The short reason for this GoFundMe is that, thousands of dollars in debt and less than a year short of my degree at Antioch, I’m asking my community to help me raise money to graduate. My immediate need is $2,000 this week to pay for this quarter. To reach my diploma—a degree in Spiritual Studies & Social Justice as the first step toward a masters in teaching in the Waldorf tradition—I’ll need roughly $8,000. I’m asking for you to consider contributing.

My situation reflects privilege. I’m attending a private liberal-arts college, and in the past have qualified for thousands of dollars in loans; I also have a community to whom I can reach out for financial support. My situation also reflects marginalization. Because of my relative poverty, I have had to spend much of my in-school time also working two (or more!) jobs to make ends meet. Without the time to complete required coursework, I failed quarters I was working full-time to pay for, costing me financial aid opportunities. Furthermore, this struggle toward my goals took place against the emotional strain of not being seen or accepted, by my biological family or my family by marriage.

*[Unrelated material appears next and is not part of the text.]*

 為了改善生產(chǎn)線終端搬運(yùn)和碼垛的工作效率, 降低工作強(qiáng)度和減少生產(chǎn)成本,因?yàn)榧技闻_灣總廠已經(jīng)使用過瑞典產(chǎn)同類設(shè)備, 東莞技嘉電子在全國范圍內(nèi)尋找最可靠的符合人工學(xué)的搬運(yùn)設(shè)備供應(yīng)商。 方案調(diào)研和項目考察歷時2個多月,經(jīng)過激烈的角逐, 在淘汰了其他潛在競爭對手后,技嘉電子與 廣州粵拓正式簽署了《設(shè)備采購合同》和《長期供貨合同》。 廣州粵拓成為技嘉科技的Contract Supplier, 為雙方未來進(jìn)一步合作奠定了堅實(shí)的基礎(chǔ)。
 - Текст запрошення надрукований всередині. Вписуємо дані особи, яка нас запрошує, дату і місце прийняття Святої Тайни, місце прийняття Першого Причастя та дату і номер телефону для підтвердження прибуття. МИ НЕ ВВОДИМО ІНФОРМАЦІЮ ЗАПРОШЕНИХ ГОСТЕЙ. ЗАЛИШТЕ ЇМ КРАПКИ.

I’m blessed to have friends from many class backgrounds who share my values of making a better world possible. Helping support me as I complete my degree brings me one step closer to doing the work of real love in the world—helping families-to-be and children find and affirm their true spirits in resistance to an authoritarian and repressed culture.

Here’s the longer story I want to share...

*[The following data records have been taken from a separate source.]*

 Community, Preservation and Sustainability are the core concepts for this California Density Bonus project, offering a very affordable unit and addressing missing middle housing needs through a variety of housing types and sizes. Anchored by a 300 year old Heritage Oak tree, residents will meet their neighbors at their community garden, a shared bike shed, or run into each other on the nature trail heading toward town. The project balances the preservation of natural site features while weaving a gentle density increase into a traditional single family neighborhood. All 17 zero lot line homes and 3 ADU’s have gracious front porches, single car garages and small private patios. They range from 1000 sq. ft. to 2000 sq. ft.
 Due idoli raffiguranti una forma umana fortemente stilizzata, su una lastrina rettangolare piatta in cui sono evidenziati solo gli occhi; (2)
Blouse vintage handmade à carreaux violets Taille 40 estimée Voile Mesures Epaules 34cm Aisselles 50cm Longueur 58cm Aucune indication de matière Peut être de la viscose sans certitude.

Basically, just one week after Dan Savage published this letter, my real-life sister-in-law actually did out my marriage to her and my husband’s parents, behind our backs and without any warning, as non-monogamous. The most urgent and material repercussion that came from my sister-in-law’s utterly narcissistic decision is that our parents have chosen to punish us by withdrawing the financial support they were going to give me to finish school. They told me and my husband that, when they had offered to help me, they were under false pretenses that they were supporting someone who was invested in their son’s future.

They told us they no longer see our marriage as legitimate. “I don’t have a crystal ball,” in mom’s words, “and I can’t be sure you guys are in it for the long haul.” “When you are married,” they told us, “you belong to one and other, body and soul.” “When you are married, casual sex ends.”

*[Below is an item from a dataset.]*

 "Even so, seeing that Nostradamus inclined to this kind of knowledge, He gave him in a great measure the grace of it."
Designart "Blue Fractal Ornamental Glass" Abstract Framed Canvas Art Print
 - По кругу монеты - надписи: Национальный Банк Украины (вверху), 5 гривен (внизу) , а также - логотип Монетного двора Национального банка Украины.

I love my family-in-law. I do not wish to shame them by sharing the events of the last couple of days. Understanding love through difference is complicated and difficult. But rather than ask us questions about our life, the in-laws have jumped to conclusions, or, worse, “educated” themselves by reading articles online. The message they’ve sent us is one of non-acceptance, horror, rage, and deep deep grief. I want to tell this story because feeling betrayed by our sister and rejected by our parents has only made me feel more political about my love and my choices around love, sex, and my own corpus.

Let me acknowledge with great care that I benefit from having more privilege in this broken culture than many; I am a white woman in a marriage that passes as hetero-normative and straight. We have the choice to hide our queerness/non-monogamy to keep us safer, or hold onto the benefits of this privilege. While my husband and I are open and out in our community, we have been scared to out ourselves to our parents, for fear of this exact pain of rejection. In this way, I am thankful for the absolutely inappropriate thing our sister did for us. No one should have to live in fear because of how they choose to love. Choose isn’t even the right word. I didn’t choose to be queer and non-monogamous, I AM.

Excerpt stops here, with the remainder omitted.